Sunday, July 18, 2010

NOT gate using a transistor

A simple circuit of NOT gate which is realized using bipolar transistor is given below.



BC549 is a low frequency, low power general purpose npn transistor designed for switching applications. In the above circuit, transistor is in common emitter configuration. Main property of this configuration is that it provides 180 deg phase shift. So if the input is high the output will be low. Biasing is done in such a way that the operating point is near the origin of the transfer characteristics. Thus when a high voltage is given to the base, the transistor enters into the active mode and quickly get into saturation. Thus a current will flow through R2 and R3. Due to this the collector voltage goes low as result of the drop across the R2. Now if a low voltage is given to the base, transistor is cut off and no current flows through R1and R2. Thus the collector voltage is almost Vcc. This is how it works as a not gate.
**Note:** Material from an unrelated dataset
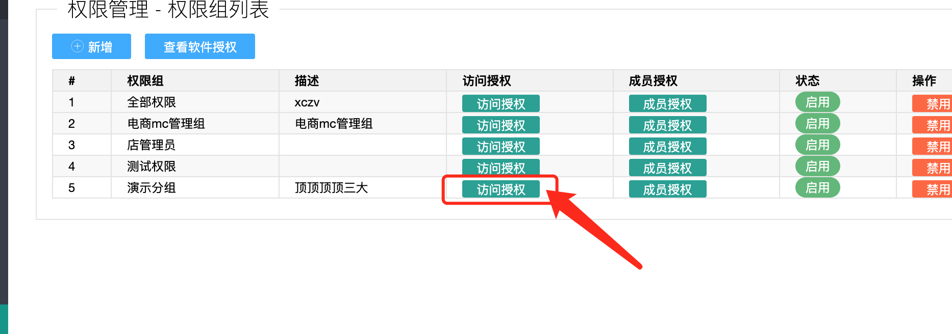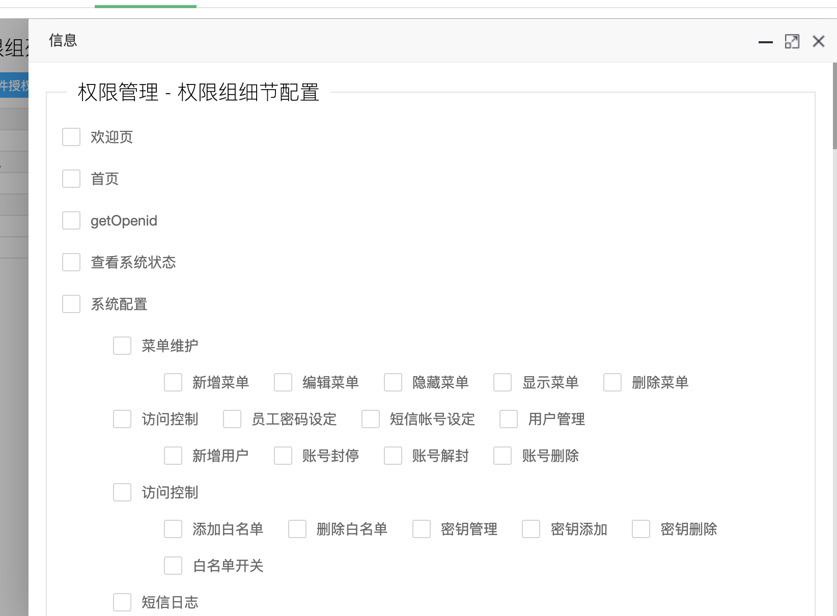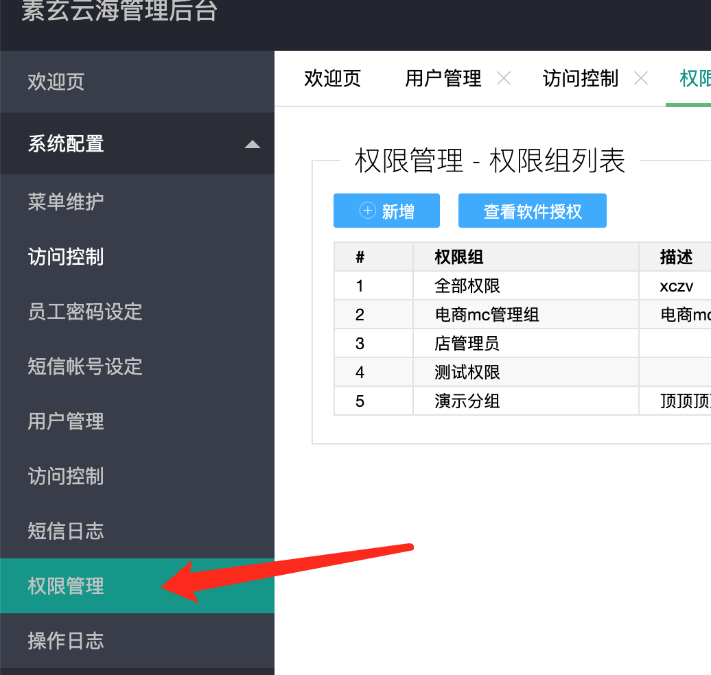 目录 搜索 展开 首页人事资料设定员工导入常见错误员工登录MC产品授权规则用户身份绑定扫码开单配置需求扫码开单页面LOGO更换系统全局设定签名配置订单签名强制关注公众号打开微信服务器通知功能访问控制【白名单】关于客户端出口地址是动态IP的解决方案新版瓜子壳客户端系统配置短信配置短信配置后获取余额返回null模板消息新模板消息配置员工使用我的影像公众号接收消息微信配置配置授权域名MC内置帐号管理帐号管理权限组管理帐号绑定权限组员工帐号操作MC功能权限组管理给岗位绑定权限组 暂无相关搜索结果! 阅读次数:23 本文档使用 MinDoc 发布 权限组管理 登录MC,左侧选择系统配置–>权限管理 在界面上新增一个权限组 其中名称为必填项,表示权限组的名称 保存后,在列表上找到刚刚添加的权限组,然后点击 访问授权 选择这个权限组所能操作的所有权限,保存后,权限组操作完成 作者:宋德美 创建时间:2023-09-02 08:41最后编辑:宋德美 更新时间:2024-06-26 11:56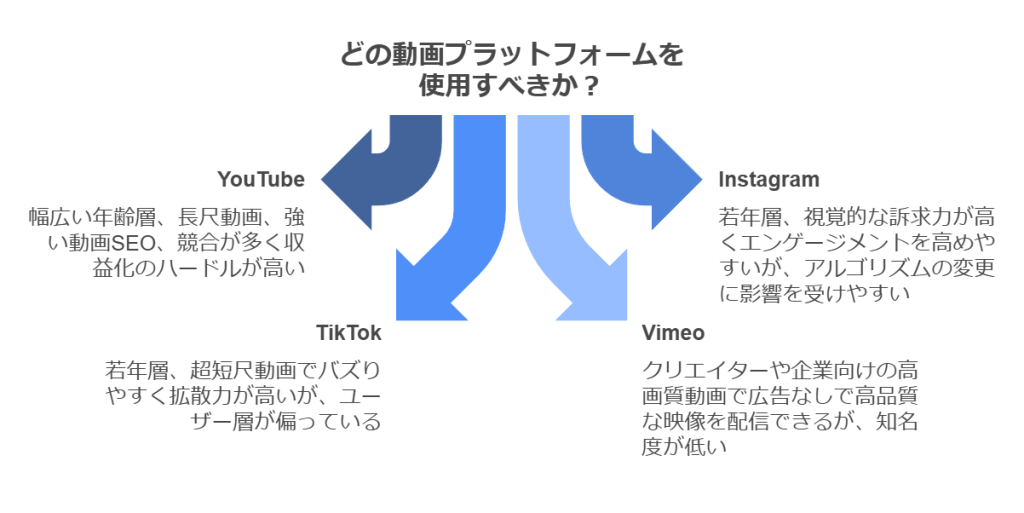 YouTube、Instagram、TikTok、Vimeo、それぞれのプラットフォームが持つ特徴を比較し、最適な選択肢を見つけましょう。

Input and the output of the circuit given above are TTL compatible.

Equivalent circuits are shown below



7 comments:

Anonymous said...

Sir,
I have a doubt. Why there is a decrease in voltage drop when current flows through R2 and R3? I have read current is proportional to Voltage drop, according to ohm's law
Logesh

Anil C S said...

Ya,its true that, as more current flows through through a resistor the voltage drop across it increases. Now consider the circuit given above. '

For our discussion assume that the transistor given above act as an ideal switch. Now when the input is low, transistor is off and no current flows through the resistors R2 and R3. The equivalent circuit is added in this post.

Then the output voltage is given by V0 = Vcc-IxR2. Since the current I is zero V0= Vcc=5v.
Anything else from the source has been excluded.